Carter was not misquoted. But he was certainly misunderstood, as his thoughts in the wide-ranging interview were reduced in the popular imagination to utterances about “lust” and “adultery.”

Carter spent five-plus hours with Playboy across several months - “more time with you than with Time, Newsweek and all the others combined,” the nominee told Scheer. Scheer called it a “sensible statement,” reflecting Carter’s Baptist tradition: “He was saying, look, I’m not going to be some fanatic. … I’m not this perfect guy.”

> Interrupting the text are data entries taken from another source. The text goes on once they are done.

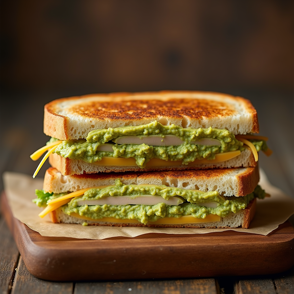 Smoked turkey breast, sharp cheddar, and a generous spread of mashed guac are grilled between slices of Panera's signature bread, creating a warm, savory, and satisfying panini.
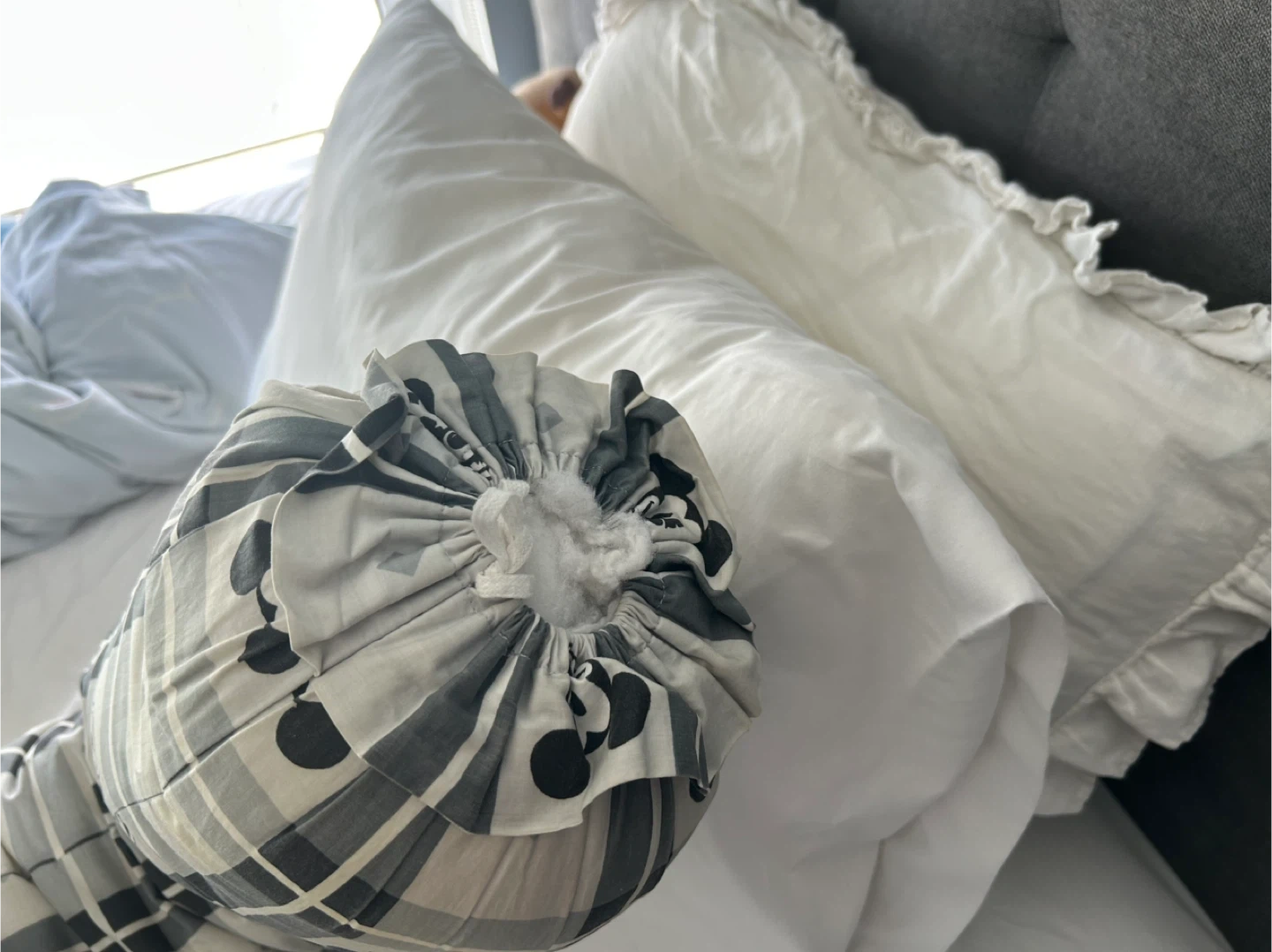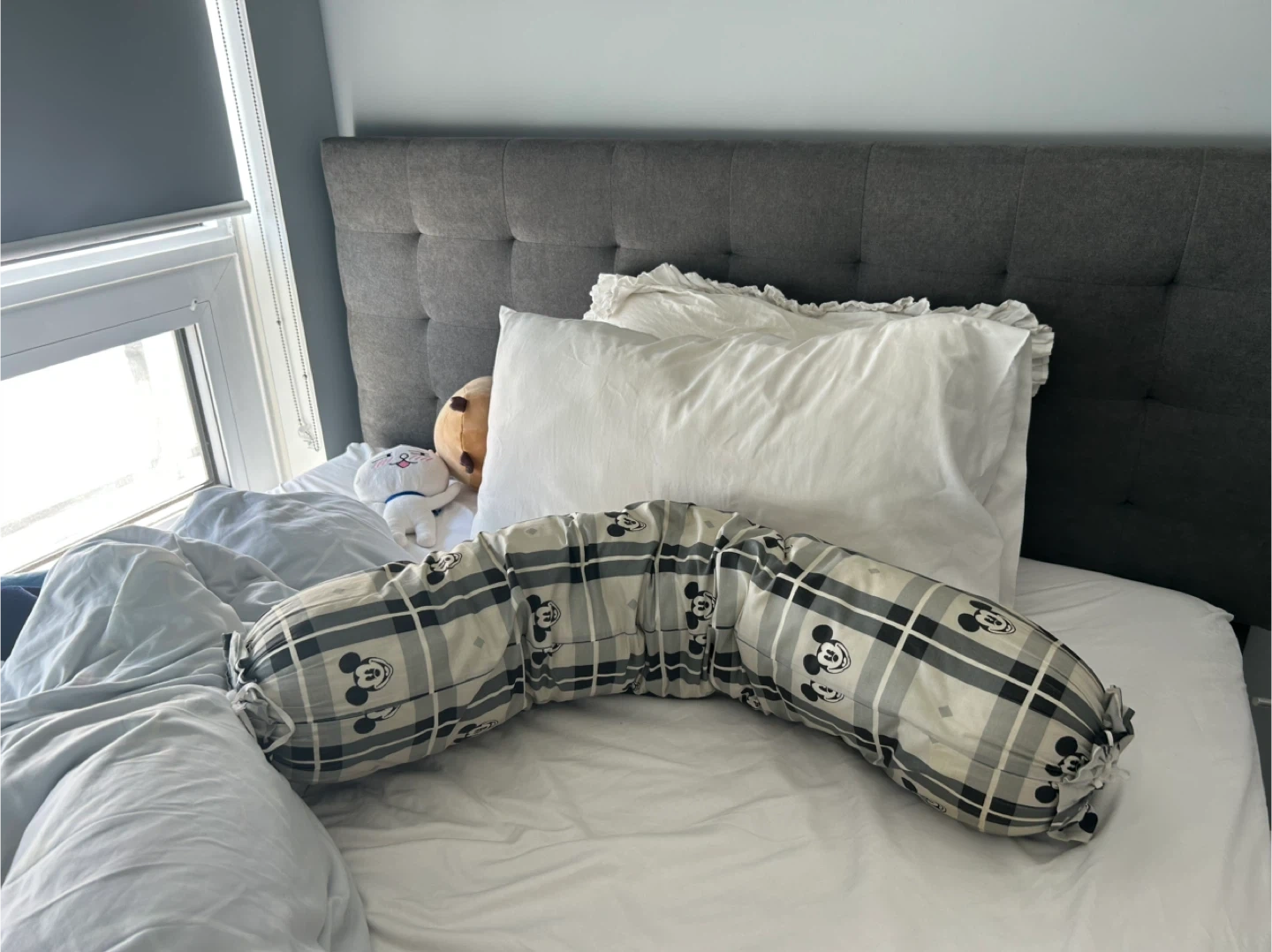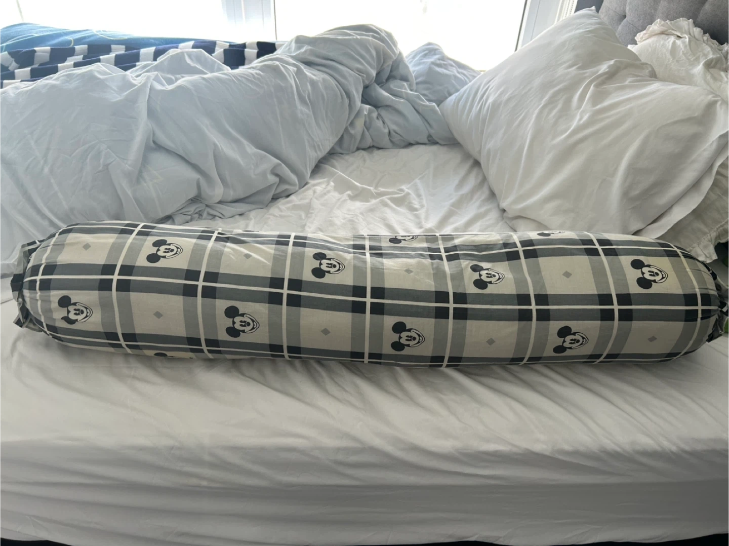Bearaby Body Pillow - This Disney bolster pillow features a fun Mickey Mouse plaid pattern. It's great for adding extra comfort and support to your bed or sofa. The pillow is filled with soft stuffing for a plush feel.
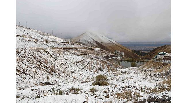 Erzurum şehir merkezinde dün akşamdan itibaren aralıklı olarak etkili olan sağanak yağış, yüksek kesimlerde kara dönüştü. Palandöken Dağı'nda yer alan Palandöken Kayak Merkezi pistinin zirve noktası olarak bilinen 3 bin 200 rakımlı Ejder Tepesi, yeniden beyaz örtüyle kaplandı. Sarı, yeşil ve beyazın ortaya çıkardığı kartpostallık manzaralar havadan görüntülendi.
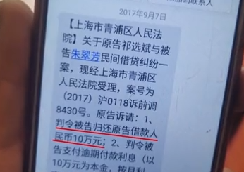还没等到祁某租不租房的明确答复,反而被老租客给告了,当时的朱阿姨也是一头雾水,并且信息上显示,说自己欠祁某10万元,要求偿还他本金和利息。
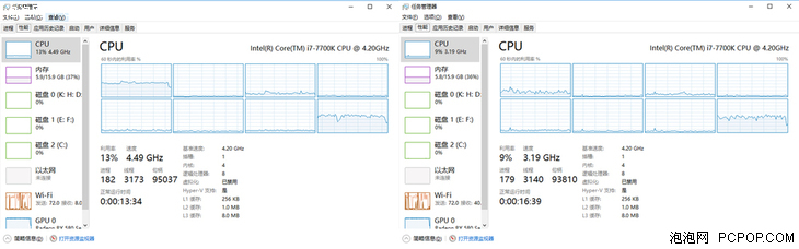 在N卡的测试环节中,我们发现,在《魔兽世界》体验过程中,从DX 11切换至DX 12后,CPU占有率有所下降,同时,处理器频率上升幅度明显。
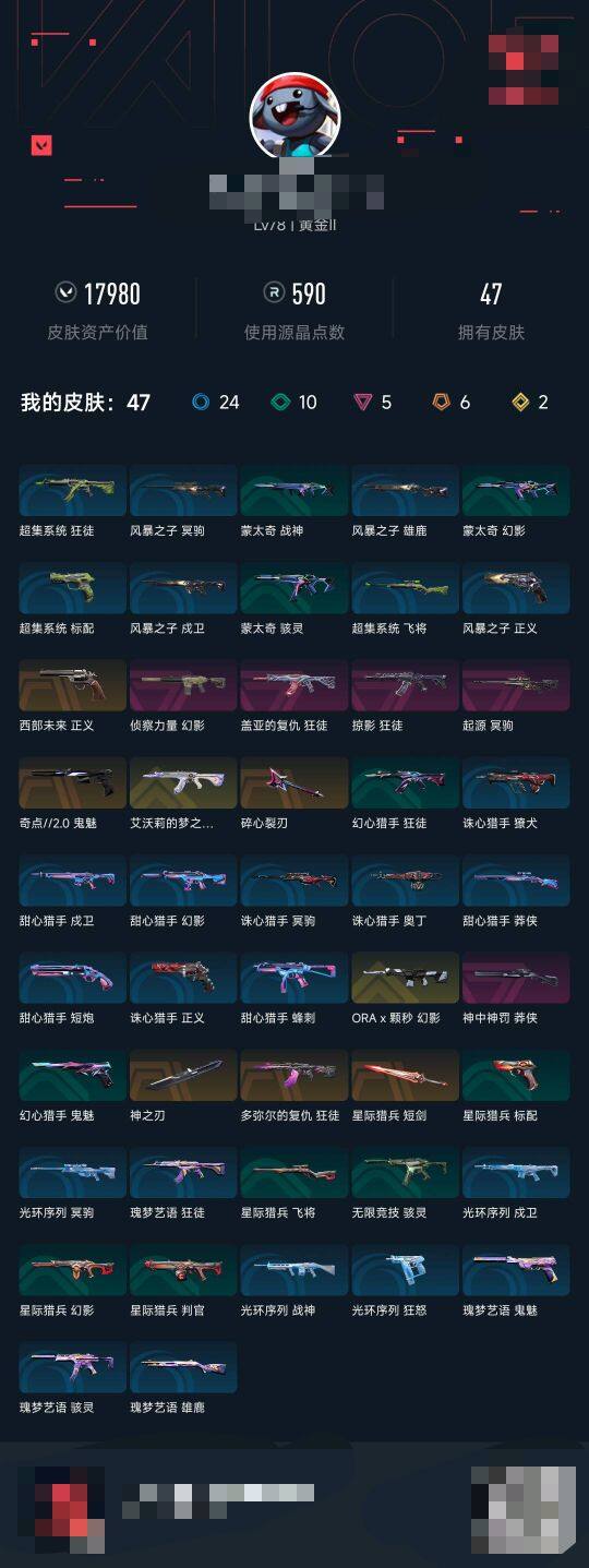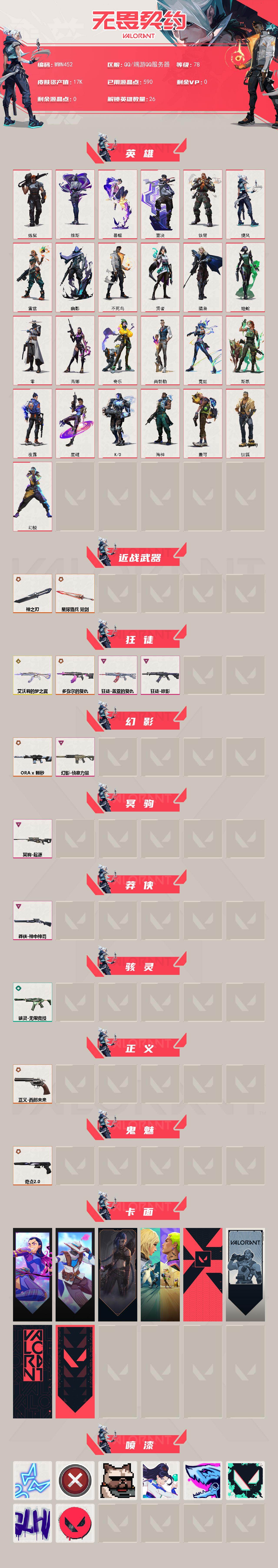 【wwn452】终极6/传奇2/卓越5/皮肤47/等级78/段位:黄金/幻棱/炼狱/维斯/暮蝶/钛狐/壹决/铁臂/捷风/雷兹/幽影/不死鸟/贤者/猎枭/蝰蛇/零/芮娜/奇乐/尚勃勒/霓虹/斯凯/夜露/星礈/k/o/海神/盖可/近战武器-神之刃/近战武器-星际猎兵 短剑/狂徒-艾沃莉的梦之翼/狂徒-多弥尔的复仇/狂徒-掠影/狂徒-盖亚的复仇/幻影-a x 颗秒/幻影-侦察力量/冥驹-起源/莽侠-神中神罚/骇灵-无限竞技/正义-西部未来/鬼魅-奇点//2.0/无畏契约go!第一卷:芮娜 卡面/无畏契约go!第一卷:零 卡面/《双城之战》金克丝 卡面/钢锁vs盖可 卡面/代号红色 卡面/新兵报到 卡面/v契约 卡面/无畏契约 卡面/霓光四射 喷漆/买装还是存钱 喷漆/关门放狗 喷漆/无畏契约go!第一卷:贤者 喷漆/暴走萝莉 喷漆/胜利属于无畏契约 喷漆/glhf 喷漆/无畏契约 喷漆/无畏契约go!第一卷 零 挂饰/天外飞客 挂饰/无畏契约 纪念币 挂饰
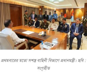 সকাল ৯টায় প্রধানমন্ত্রী তার কার্যালয়ে পৌঁছালে এক প্রাণবন্ত পরিবেশের সৃষ্টি হয়। তাকে স্বাগত জানান তিন বাহিনীর প্রধানগণ। প্রধানমন্ত্রী তাদের সাথে কুশল বিনিময় করেন এবং সশস্ত্র বাহিনীর কার্যক্রম নিয়ে সংক্ষিপ্ত আলোচনা করেন।

Headline writers, satirists and late-night television pounced anyway, labeling it Carter’s “lust in my heart” interview. “Saturday Night Live,” then a fledgling NBC sketch comedy show, had a field day. One political cartoonist depicted Carter lusting after the Statue of Liberty. Carter initially told reporters he was taken out of context. Scheer “ran back to the plane to get the tapes,” and effectively caught the nominee violating his pledge never to make a “misleading statement.”When his commentary on adultery ballooned, Carter insisted the exchange had been off-the-record, throwaway banter as Scheer and Golson prepared to leave.The way the story morphed “ended up making Carter seem like a creep,” Roessner said.

Roessner, the daughter of a Protestant pastor, said Carter’s Playboy comments were clumsy, “but if anyone should have understood the context … it should have been the ministers.”